┌──

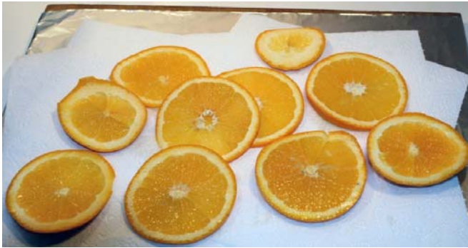
Obr. 2 Pomaranč nakrájaný na plátky ((foto Bossiová, L., 2011)

V texte sa číslo a názov tabuľky umiestňuje nad tabuľku.
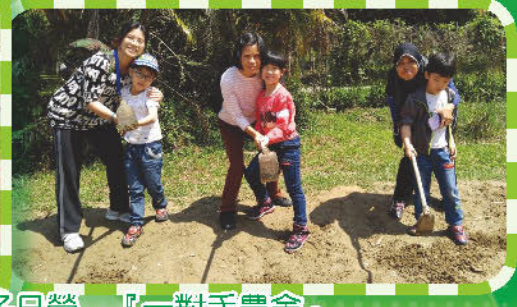
親子日營 - 『一對手農舍』

└──

■ **Exercise**
The job is to set down the whole listing exactly, excluding any images.

■ **Solution to this exercise**
Obr. 2 Pomaranč nakrájaný na plátky ((foto Bossiová, L., 2011)

V texte sa číslo a názov tabuľky umiestňuje nad tabuľku.
親子日營 - 『一對手農舍』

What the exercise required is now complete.